4.2.2 Baseline Methods

We choose three baseline methods: Logistic regression, which is traditional machine learning model; SMO (Guo et al., 2018), which is the latest deep learning model used in MEG data; and the ResDen model, which is the simplified version of our proposed TransHFO model.

• Logistic regression (LR): The maximum-likelihood estimation algorithm was used to optimize the coefficient of the logistic regression model.

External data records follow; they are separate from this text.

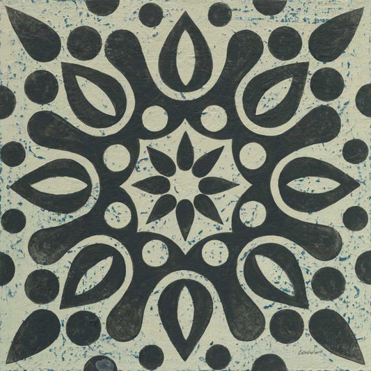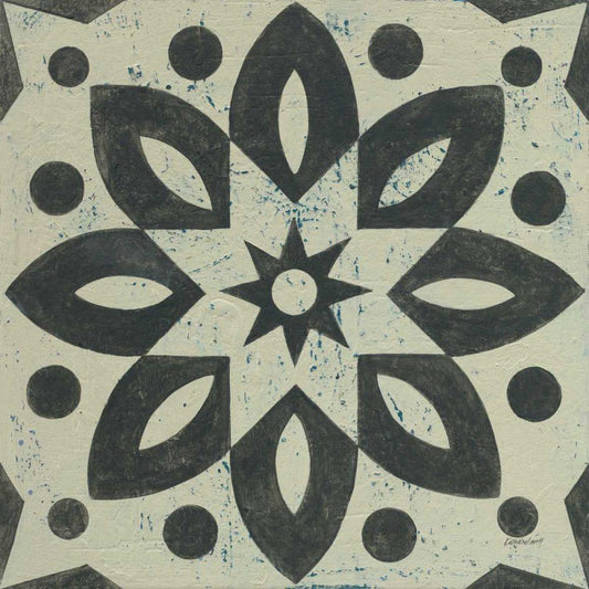 Black and White Tile III Gold Ornate Wood Framed Art Print with Double Matting by Lovell, Kathrine
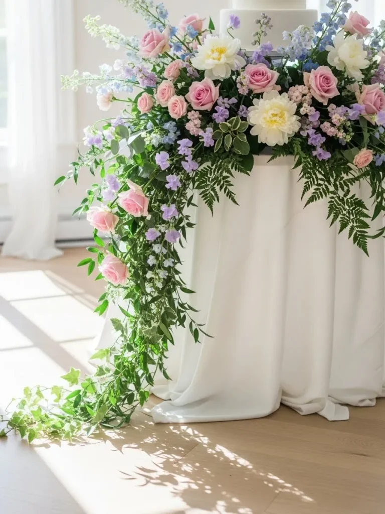 Soft pink and white blooms spill gracefully over the edge of a ceremony table, paired with flowing greenery that drapes down toward the floor. The arrangement feels full yet gentle, with petals and leaves creating movement. Light fabric behind the table keeps the look airy and elegant.
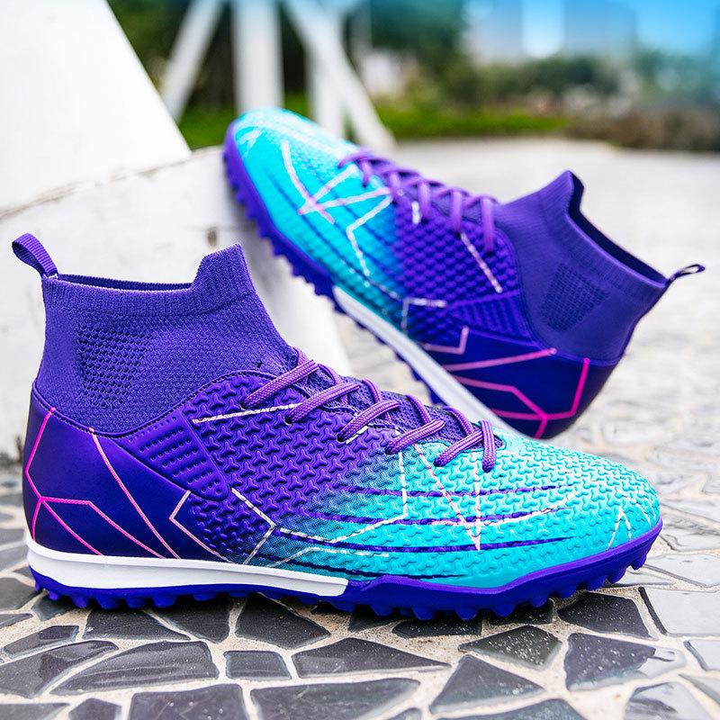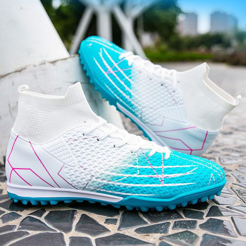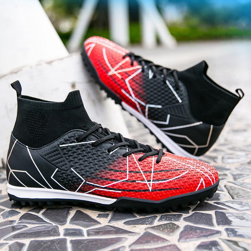 Футбольные бутсы с высоким верхом tf шиповки искусственный газон мальчики девочки подростки студенты кожаные ноги школьные тренировочные бутсы

• SMO: We implemented 4-layer SSAE-based neural networks with an input layer, three hidden layers, and an output layer. The number of nodes in three hidden layers was set to 30. A loss function with L2 regularization and sparsity regularization terms were utilized. Hyper parameter sparsity proportion was selected from [0.1, 0.2, 0.3, 0.4, 0.5] and L2 regularization weight was decided from [0.1, 0.2, 0.3, 0.4, 0.5]. The learning rate was set to 0.01. The training is stopped if the model returns the same loss on validation data in three consecutive epochs.

• ResDen: ResDen follows the same framework as TransHFO, but Multi-Head Attention is replaced with a simple dense layer with “ReLU” activation and having the same number of units as that of Dense-1 in the TransHFO model.

4.2.3 Evaluation Metrics

We calculated true positive (TP), false positive (FP), true negative (TN), and false negative (FN) for the classification by comparing the classified labels and gold-standard labels. Then, we calculated accuracy, sensitivity, precision, and F-score by:

\begin{align} A c c u r a c y = \frac{T P + T N}{T P + T N + F P + F N} \\ P r e c i s i o n = \frac{T P}{T P + F P} \\ S e n s i t i v i t y = \frac{T P}{T P + F N} \\ S p e c i f i c i t y = \frac{T N}{T N + F P} \\ F - s c o r e = 2 \times \frac{p r e c i s i o n \times s e n s i t i v i t y}{p r e c i s i o n + s e n s i t i v i t y} \end{align} (8)

4.2.4 Implementation Details

We implement all the approaches with Tensorflow 2.0, except LR. For training models, we use RMSprop with a mini-batch of 32 patients and 10 epochs. The drop-out rate is 0.1 for all the approaches. Virtual samples are generated by ADASYN, and the size of samples is the scalars (1, 5, 10, 20, and 40) times the size of the original data. The number of the stacked N identical layers varies from 1 to 40 in the TransHFO framework.

4.3 Results

4.3.1 HFO Performance Comparison Using Different Models

In this section, we first compared HFO classification performance of the proposed framework with the-state-of-art models. As shown in Table 1, we set up two scenarios: with data augmentation and without data augmentation. The upper part of Table 1 illustrated HFO performance using only gold standard data without any data augmentation scheme. In our experiments, traditional machine learning model LR had the lowest performance compared to other three neural network-based models. The proposed model achieved the best performance with an accuracy of 0.9580, a precision of 0.9929, a sensitivity of 0.9289, a specificity of 0.9917, and an F-score of 0.9593. It achieved better performance than our previously developed SMO detector. Compared to ResDen, our model had higher accuracy, precision, specificity, and F-score, while both our model and ResDen reached 0.9289 on sensitivity.

TABLE 1

TABLE 1. Performance comparison of different models. The TransHFO achieved better performance than LR, SMO, and ResDen models in both no data augmentation and data augmentation scenarios.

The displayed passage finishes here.